### RECORDED INFORMATION

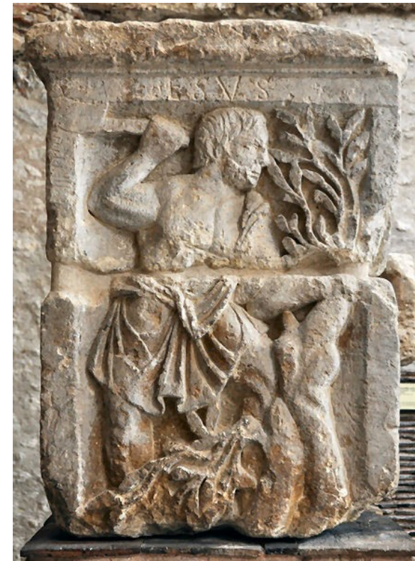
Esus (kamenný reliéf z Paříže)
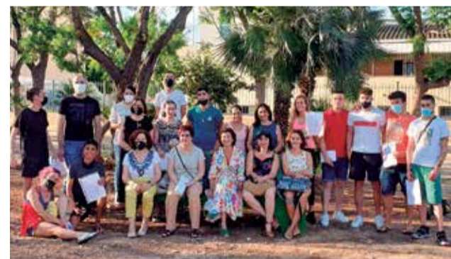
Alumnes i professors. / EPDA
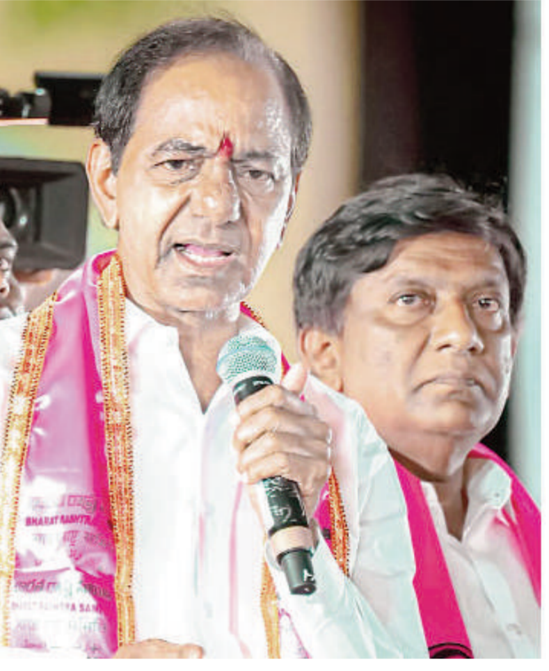
సహా పార్టీ నాయకులు పాల్గొన్నార.

మొన్నటి ఎన్నికల్లో ఆరు గ్యూరంటీలు కలిపి మరో 420 హామీలు ఇచ్చి అధికారంలోకి వచ్చిన కాంగ్రెస్ పనితీరు ఏదో ఈ బయ్యలెల కాలంలోనే తేలిపోయింది దని కేసీఆర్ అన్నారు.
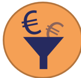
Witwassen/ fin ecriminaliteit
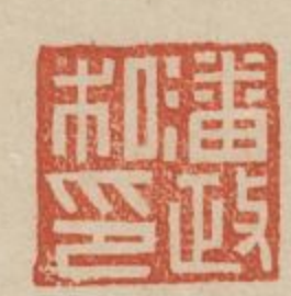
潘政私印銅印鼻鈕
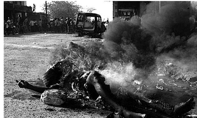
Necklacing er en drabsmetode, hvor ofret får et bildæk om halsen, der antændes. Drabsmetoden er blevet praktiseret både under og efter apartheid
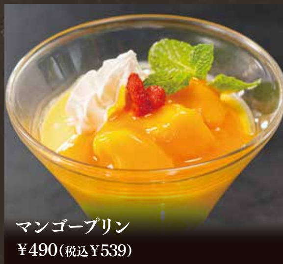
マンゴープリン ¥490(税込¥539)
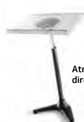
Atril para directores
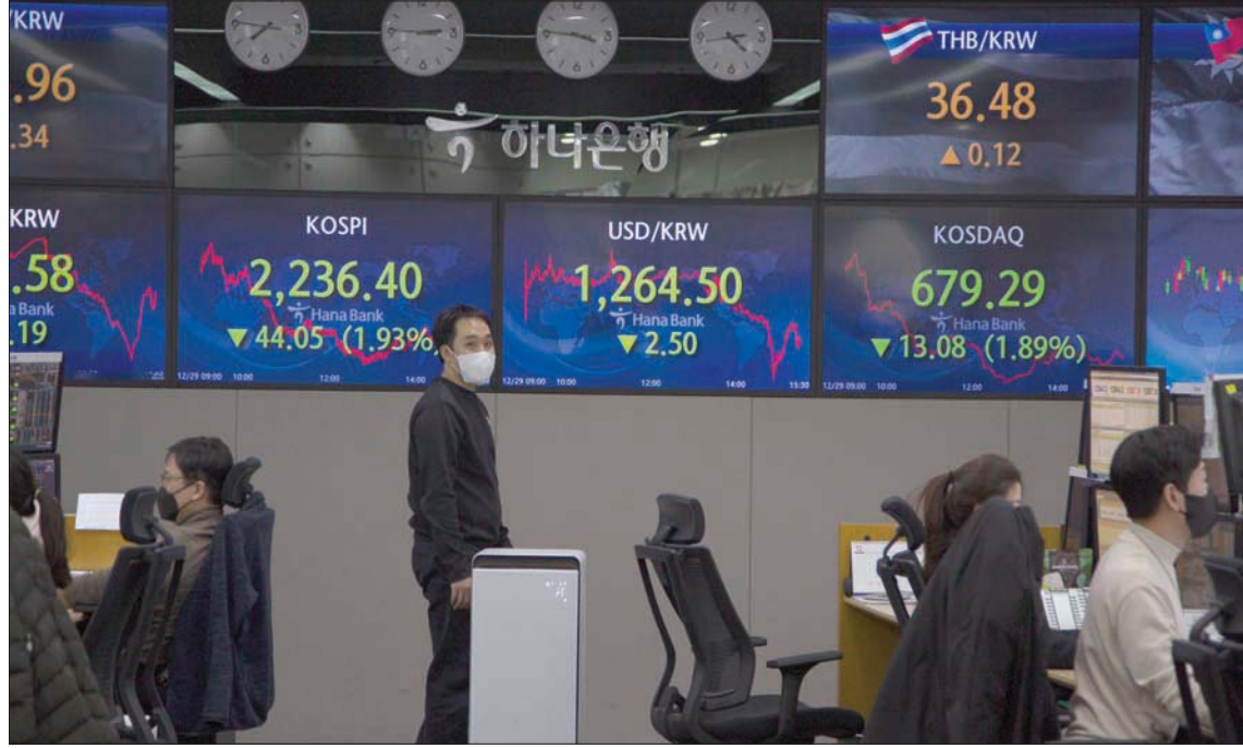
متعاملون في بورصة كوريا الجنوبية

على التوالي بعد انخفاضه 8,6 في المائة في 2021، وتسجيله أكبر تراجع منذ عام 2008.

######

> ACTIVITY
Leave out the images and write out the lines above exactly, from the one with "Witwassen/ fin ecriminaliteit" up to and including the one with "متعاملون في بورصة كوريا الجنوبية".

> ANSWER SECTION
Witwassen/ fin ecriminaliteit
潘政私印銅印鼻鈕
Necklacing er en drabsmetode, hvor ofret får et bildæk om halsen, der antændes. Drabsmetoden er blevet praktiseret både under og efter apartheid
マンゴープリン ¥490(税込¥539)
Atril para directores
متعاملون في بورصة كوريا الجنوبية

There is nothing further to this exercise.